第4話 優しい王子とオレさま男


 ヴィトセルクは包容力があって優しい。その砂漠のオアシスのような包容力に甘えて、広い肩に顏をうずめて泣きたいって強烈な衝動を感じたけど。でも、だめ、だめだ。きっと、ハカセならダメだって言うだろう。


「申し訳ない。怖い思いをしたんだろう。もう大丈夫だよ、沙薇ちゃん。こんな思いを僕がさせないからね」と、彼が言った。

「よくもまあ」と、レヴァルが目を細めた。「しらじらしい言葉を口にのせられるものだ」

「黙りなさい、レヴァル。僕は君に彼女を怯えさせていいなどと言った覚えはない」


 レヴァルは、ふんっという表情で窓外に視線を向けた。先ほど、怒り狂った人々に腕を殴られたはずで、痛みはないのだろうか? 平然として顏には出さない。

 私といえば、まだ震えが止まらなかったんだ。


『困ったときは、大きく息を吸って数字を数えなさい。切羽詰せっぱつまったときこそ冷静さが必要です』と、ハカセが言っていた。


 そうだ、ハカセ、数字ね、うん、1から数えよう。

 身体の震えは止まらなかったが、30くらいで落ちついてきた。今は観察だと自分に言い聞かせた。それに、このヴィトセルクなら疑問に答えてくれるかもしれない。


「すこし落ちついたようだね、お嬢さん」

「ええ、大丈夫です」


 レヴァルは鼻で笑っていた。その態度は腹がたつほど魅力的だ。この男は、女に対する自分の力を知っており、その適切な使い方も知っているにちがいない。

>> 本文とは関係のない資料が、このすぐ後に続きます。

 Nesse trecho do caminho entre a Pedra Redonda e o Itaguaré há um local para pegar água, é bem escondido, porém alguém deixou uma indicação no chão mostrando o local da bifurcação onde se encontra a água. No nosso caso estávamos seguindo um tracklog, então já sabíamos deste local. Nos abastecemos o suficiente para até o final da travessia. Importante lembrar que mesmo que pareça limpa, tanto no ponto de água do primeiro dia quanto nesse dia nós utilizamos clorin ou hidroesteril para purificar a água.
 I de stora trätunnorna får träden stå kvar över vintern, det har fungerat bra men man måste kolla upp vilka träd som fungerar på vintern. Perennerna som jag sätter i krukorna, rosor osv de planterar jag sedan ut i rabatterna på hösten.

「レヴァル、疲れたか。魔力を使って体力が消耗しょうもうしたろう」

「まあ」

「それにしても長かった、やっと戻ってきたな。嬉しいぞ」

「心にもないことを」

「いや、心はあるぞ。だが、状況は最悪だ。もう国は限界を超えている」

「では殿下。ここで帰還の報告を」


 殿下? ヴィトセルクとは、いったい何者なのだ。

 馬車に貧しい寂れた村。この世界は文明的には中世ぽい。

 私は子どもの頃から向こう見ずなところがあるが、それにしても、ここがどんな世界なのか知りもせずに、よく来てしまったものだ。

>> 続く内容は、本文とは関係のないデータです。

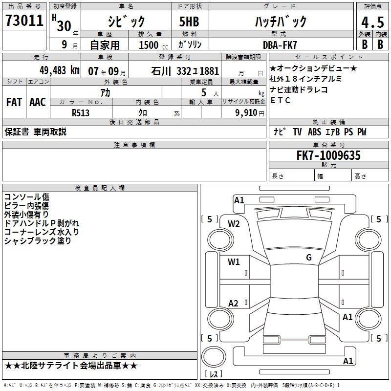 HONDA CIVIC HATCHBACK - лот 73011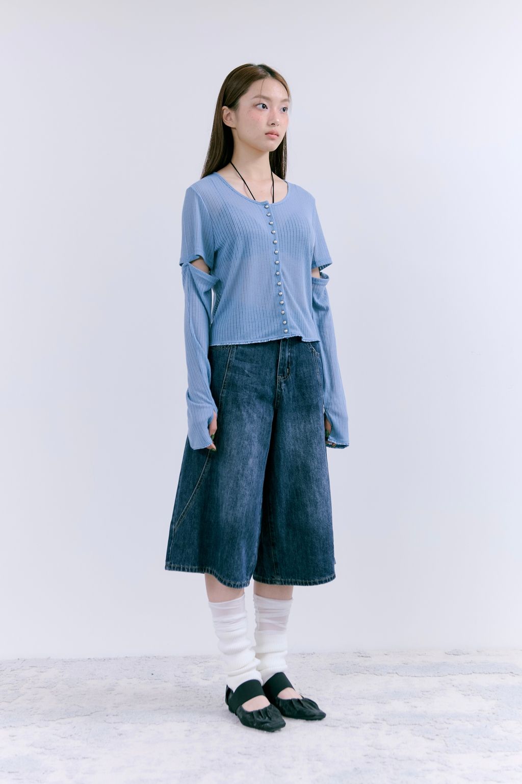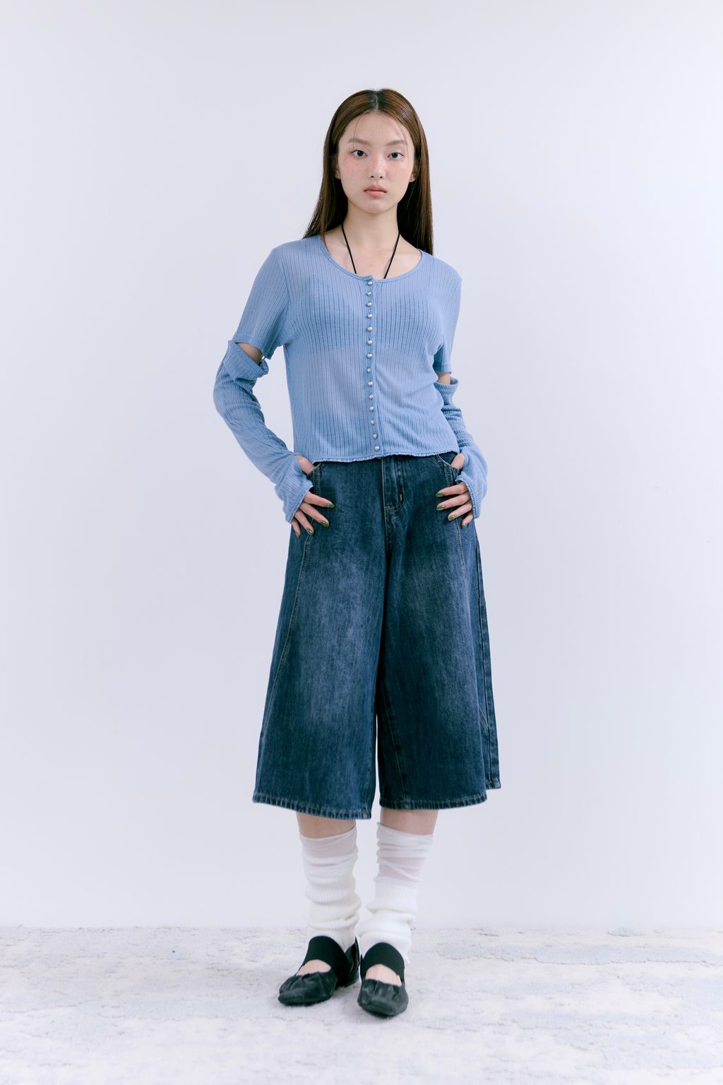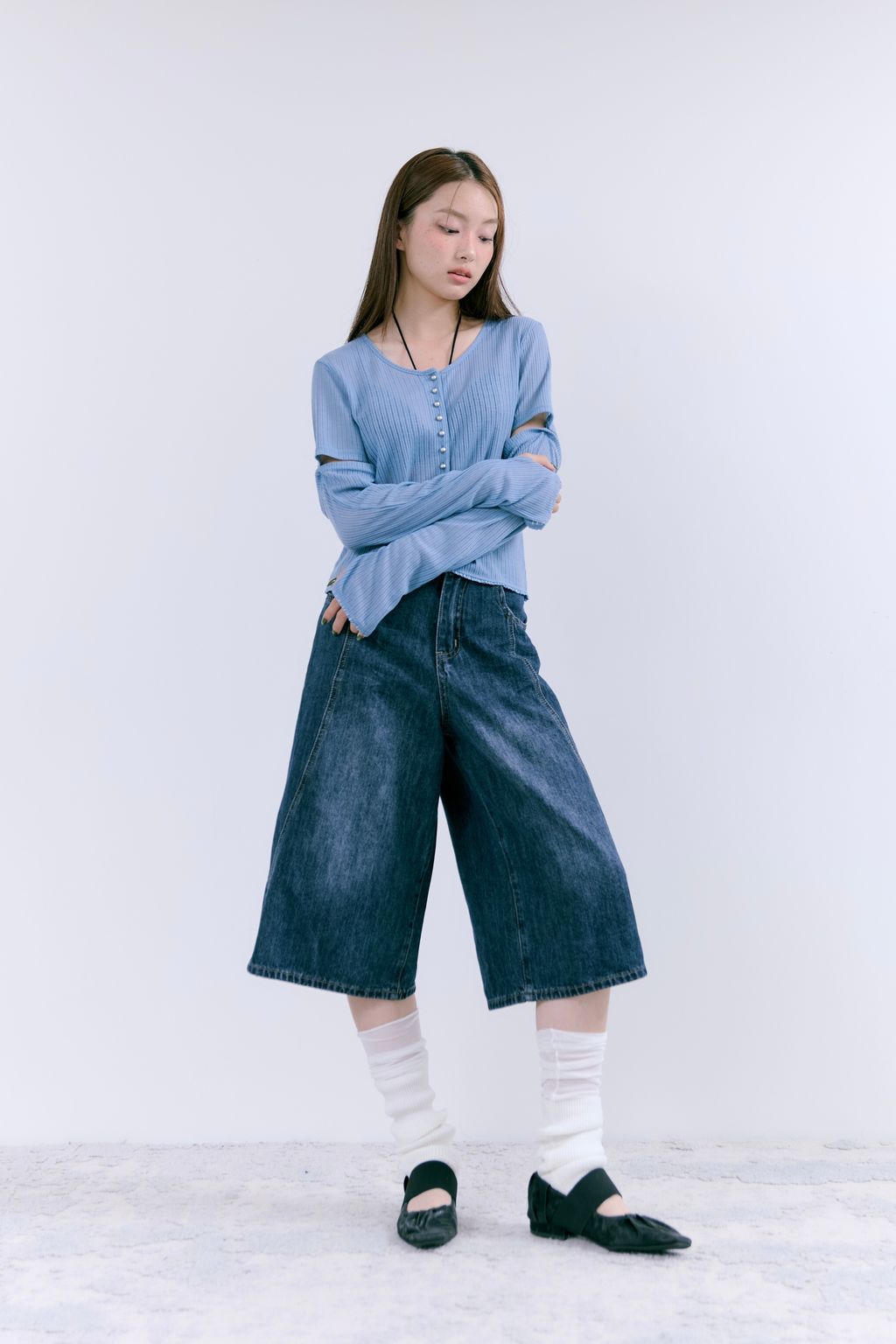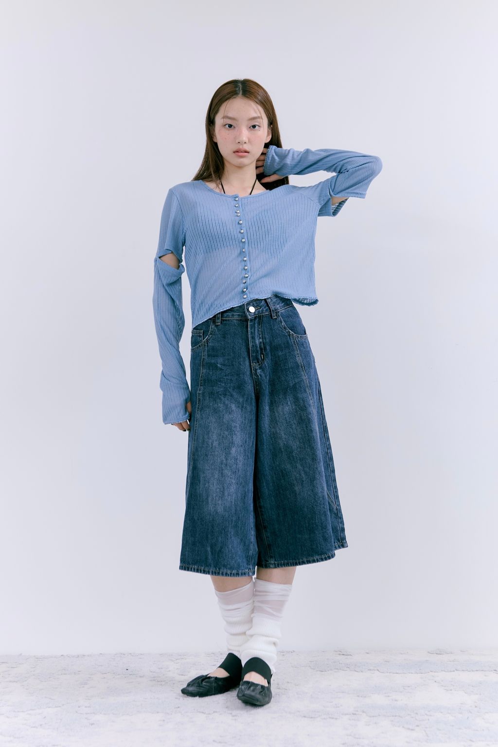 / 韓國設計師品牌 / 復古刷色牛仔七分褲

「そうだな。随分と長かったな。もっと早く帰るものと思っていた」

「あちらの世界は広い」

「まあ、よい。よく戻った」


 レヴァルは私と話していた時より、くつろいだ表情をしている。この二人の間には主従というより、友人といった親しげな空気を感じる。


「……悪かった」と、レヴァルはいきなり私をみつめた。

「え、あの、いえ」

「突然のことで驚いたのはわかっている。俺にも事情があった」

「では、教えてください。ここはどこですか?」

「おんやおんや」と、ヴィトセルクが間に入った。

「なんの説明もなく来てしまったのか」

「はい」

「これは勇敢なお嬢さんだ」

沙薇さら」と、私は名前を伝えた。


 それには答えず、ヴィトセルクは視線をレヴァルに向けた。


「レヴァル。彼女なのか」

「おそらく」

「先に送ってきた子は」

「彼女も間違いなく、この世界の人間だ。俺の術に反応した」

「では、ふたりの炎の巫女がいるというわけか」

「いや、それは違う、どちらかだ」


 このふたりは、私がここにいることをすぐに忘れる。


「それで、ここはどこですか」

「ここはフレーヴァング王国という。そして、私の父が国王だ。病に伏せっており、国政には出てこないがね」


 王子。やはりそうなのだ。


 馬車は一定の速度で走り、どこまでも代わり映えしない白い世界がつづく。城は丘の上にあり、この速度なら30分くらいで到着するだろう。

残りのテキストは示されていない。